Значит, мы играем без декораций. Но мы с самого начала спектакля как бы договариваемся со зрителями, что вот мы сегодня покажем вам таких-то людей, без грима, немножко намекая на костюмы. И зритель принимает эти правила игры. Через пять минут никого уже не смущает, что, например, Галилея я играю без грима, хотя ему в начале пьесы сорок шесть лет, а в конце семьдесят.

А мне, когда я начинал репетировать роль Галилея, было двадцать шесть или двадцать семь лет. Я играл со своим лицом, только в костюме. У меня была вроде балахона, вроде плаща такая накидка коричневая, очень тяжелая, очень грубый свитер.

И несмотря на то, что в конце пьесы он дряхлый старик, я очень смело беру яркую характерность в Галилее и играю старика, человека с совершенно потухшим взором. Его ничего не интересует, такой немножечко в маразме человек. И он медленно двигает руками. И поэтому абсолютно не нужно гримироваться. Ну, мне так кажется.
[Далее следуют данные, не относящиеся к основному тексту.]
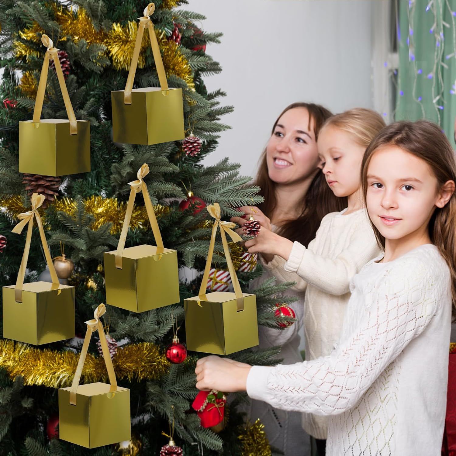 DOYIDE Small Gift Boxes, 20 Pack 5x5x5 Inch Gold Elegant Paper Boxes with Ribbons, Crafting, Christmas Gift Box Wedding Party Favor, Cupcake, Candy, Bridesmaids Proposal Box

Спектакль этот сделан очень своеобразно. У нас в нем, например, два финала. Первый финал: вот Галилей, который абсолютно не интересуется тем, что произошло, ему совершенно не важно, как в связи с его отречением упала наука.

А второй финал – это Галилей, который прекрасно понимает, что сделал громадную ошибку: он отрекся от своего учения, и это отбросило назад науку. Последний монолог я говорю от имени человека зрелого, но абсолютно здорового, который в полном здравии и рассудке и прекрасно понимает, что он натворил.

Любопытная деталь: Брехт этот второй монолог дописал. Дело в том, что пьеса была написана раньше сорок пятого года, а когда была сброшена бомба на Хиросиму, Брехт дописал целую страницу: монолог об ответственности ученого за свою работу, за науку, за то, как будет использовано то или иное изобретение.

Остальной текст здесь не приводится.